Conseil d'État, 7ème / 2ème SSR, 18/09/2015, 376239

Références

Conseil d'État

N° 376239   
ECLI:FR:CESSR:2015:376239.20150918
Mentionné dans les tables du recueil Lebon
7ème / 2ème SSR
M. Olivier Henrard, rapporteur
M. Gilles Pellissier, rapporteur public
SCP ROUSSEAU, TAPIE, avocats


lecture du vendredi 18 septembre 2015
REPUBLIQUE FRANCAISE

AU NOM DU PEUPLE FRANCAIS



Texte intégral

Vu la procédure suivante :

M. B...A...a demandé au tribunal administratif de Bordeaux, d'une part, d'annuler la décision du 15 juillet 2008 du ministre du budget, des comptes publics et de la fonction publique refusant de réviser sa pension de retraite à raison des services accomplis entre le 1er septembre 2005 et le 1er mars 2008 ou, subsidiairement, de lui rembourser les retenues pour pensions effectuées sur cette période et, d'autre part, de condamner l'Etat à lui verser une somme de 80 000 euros au titre du préjudice résultant de son maintien en activité durant cette même période.

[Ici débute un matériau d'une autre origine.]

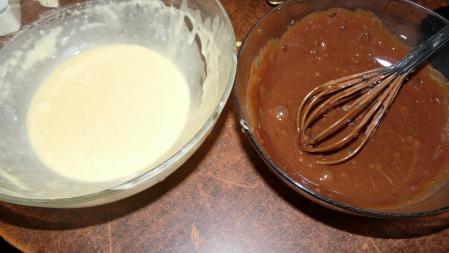 c'est un gateau avec 2 préparations, donc se préparer 2 saladiers préparation N°1 préparation N°2 500gr de faisselle égouttée 200gr de chocolat noir 80gr de sucre en poudre 100gr de beurre( ou margarine) 40 gr de farine 100gr de sucre 2 oeufs 80gr de farine 3 oeufs PREPARATION N°1 Mettre la faisselle égouttée dans un salasier, fouettez un peu, puis ajoutez les oeufs, le sucre et la farine. Mélanger pour obtenir une créme. Mettez de côté. PREPARATION N°2: Coupez le chocolat en morceaux , faites le fondre au bain marie avec le beurre.Mélangez , puis hors du feu, ajoutez le sucre,fouettez; incorporez les oeufs en fouettant, puis en dernier , ajoutez la farine et bien mélanger Beurrez et farinez un moule à manqué. Versez y la moitié de la créme chocolat, que vous venez de faire, ensuite versez dessus , toute la créme à la faisselle puis au dessus versez le reste de la créme chocolat. Pour faire le mabré, prenez un petite cuillére à café, et faites des tourniquets dans votre plat, en allant à droite, à gauche....les deux crémes vont se mélanger.... Mettre dans un four chaud (200°)th 6/7, pendant environ 30mn. ce gateau a été refait par philau masduloup je vous mets sa photo! lol a coté le mien est un plapla car j'avais mis moins d'ingredients, et avait pas plat plus petit mdr

Par un jugement n° 0901629 du 28 décembre 2011, le tribunal administratif de Bordeaux a rejeté sa demande.

Par un arrêt n° 12BX00947 du 9 janvier 2014, la cour administrative d'appel de Bordeaux a, sur la demande de M.A..., en premier lieu, annulé ce jugement ainsi que la décision du 15 juillet 2008 refusant la révision de sa pension, en deuxième lieu, enjoint au ministre du budget, des comptes publics et de la fonction publique de réviser sa pension en tenant compte du supplément de liquidation dû au titre des services accomplis entre le 1er septembre 2005 et le 1er mars 2008, en troisième lieu, condamné l'Etat à lui verser une somme de 10 000 euros en réparation des préjudices subis et, en quatrième lieu, rejeté le surplus de ses conclusions.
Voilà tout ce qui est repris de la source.